Quantum Untangled - A new VPN protocol hopes to fill quantum security gap
Protecting data in transit from future quantum hacking
Harvest Now, Decrypt Later (HNDL) is cybersecurity’s latest trending term. This particular piece of alphabet soup refers to the prospect of hackers stealing secure, valuable data today with the hope of cracking it in the future using a quantum computer. That day has yet to dawn, with quantum computers currently unable to muster enough logical qubits to even come close to breaking RSA encryption – but a new VPN protocol has been released designed to secure that data now, before much more of it falls into the hands of your Feynman-loving, Quantum Untangled-reading cybercriminal.

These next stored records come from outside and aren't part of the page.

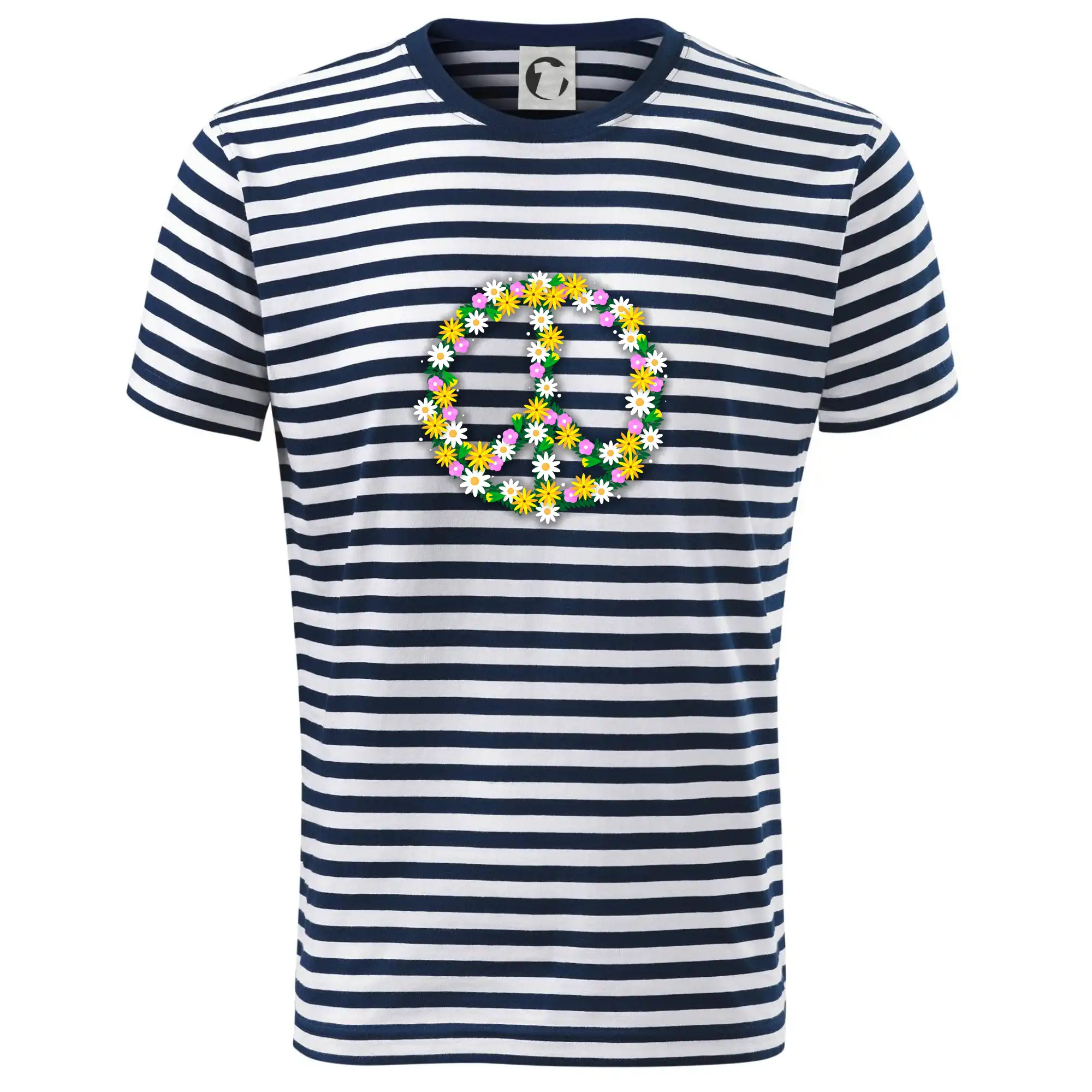 Triko se symbolem květinových dětí hippies. Hippies tričko na kterém jsou květiny. Květinové tričko je vhodný dárek pro příznivce hippies. Pořiď si tohle triko a buď pravé květinové dítě.
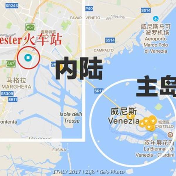 不得不说这一天的威尼斯之行会令我一辈子记忆犹新。因为恰好赶上威尼斯的双年展和电影节,又是度假旺季,整个威尼斯住宿价格飞涨。所以我们的酒店没有订在本岛,而是选择了内陆。红色的圈位置就是我们酒店的位置,距离内陆地区mester火车站步行300米左右。只要坐火车单程票1.25欧元/人,15分钟左右就可以到达威尼斯主岛火车站Santa Lucia,非常方便。
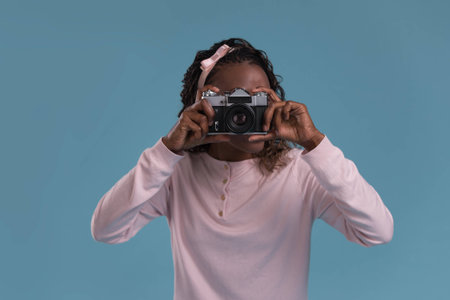 Beautiful young african woman using camera and photographing on blue background
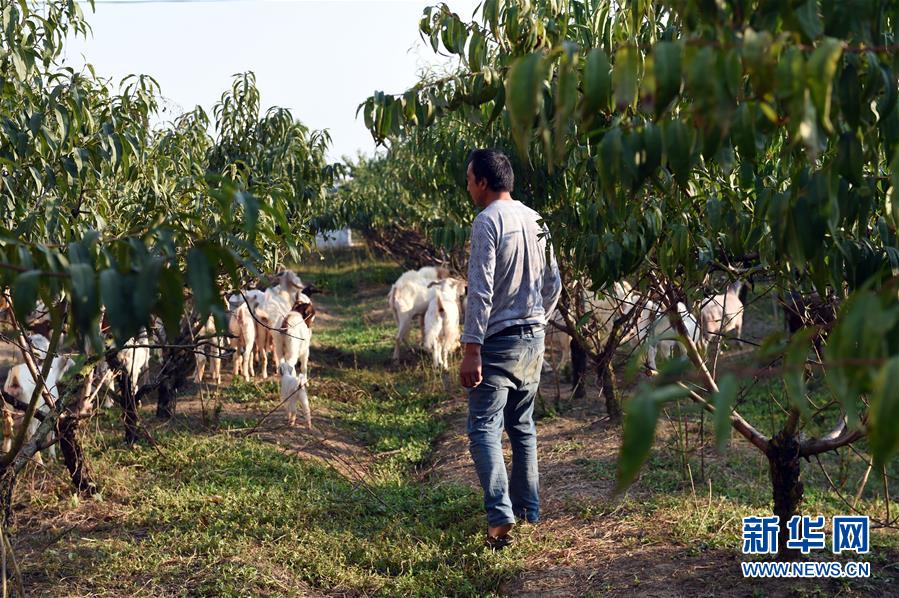 10月8日,在颍上县陈桥镇李庄村,李玉献在屋后果园放羊。 新华社记者 周牧 摄
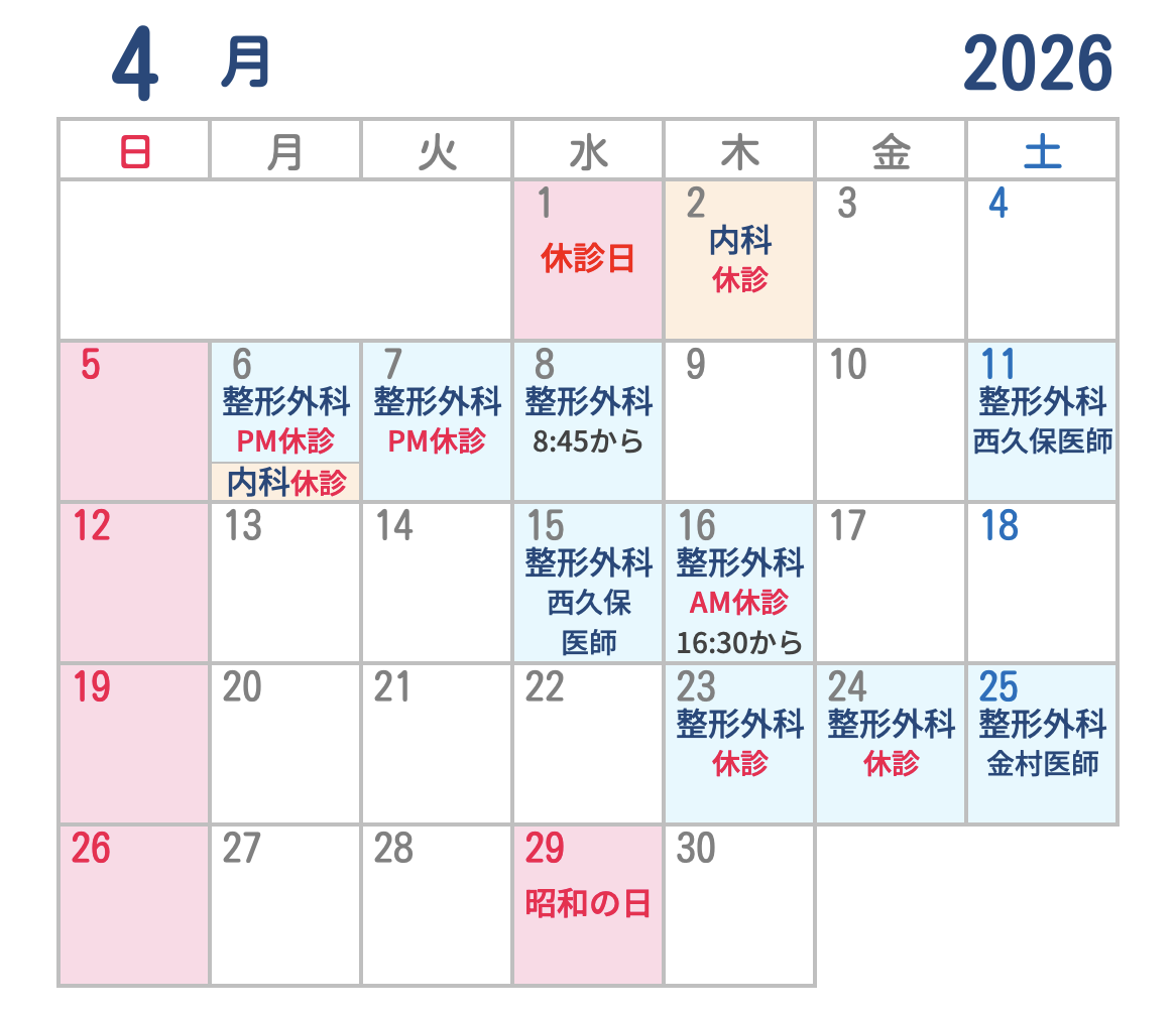 診療日程は予告なく変更となる場合がございます。

Approved by the Internet Engineering Taskforce (IETF), a not-for-profit organisation responsible for setting many of the security standards widely used across the internet, the new Hybrid PQ VPN is designed to be a feature of all future VPN software. Written by CJ Tjhai, CTO and co-founder of quantum security company Post Quantum, the protocol can allow connections to be secured using a range of classical or so-called ‘quantum secure’ algorithms, such as the US’s Kyber formulation or France’s Frodo standard. Those on either side of a given exchange taking place on the internet will be able to select the standard that best matches their security needs.
“The idea is that when you set up a VPN connection, both parties need to negotiate," says Tjhai. "As part of the negotiation process you could say, ‘I speak classical but not quantum,’ so you'd have to both use classical. Or, you both speak quantum and use quantum."
The aim of the VPN protocol is to allow companies holding highly sensitive data, such as financial payment information, military secrets or commercially sensitive material to secure their content against HNDL attacks. A million-plus qubit quantum computer capable of cracking RSA is unlikely to be available for a decade or more, but security experts warn of an urgent need to protect data today. Protection against HNDL is also a key tenet of the new US Quantum Computing Cybersecurity Preparedness Act.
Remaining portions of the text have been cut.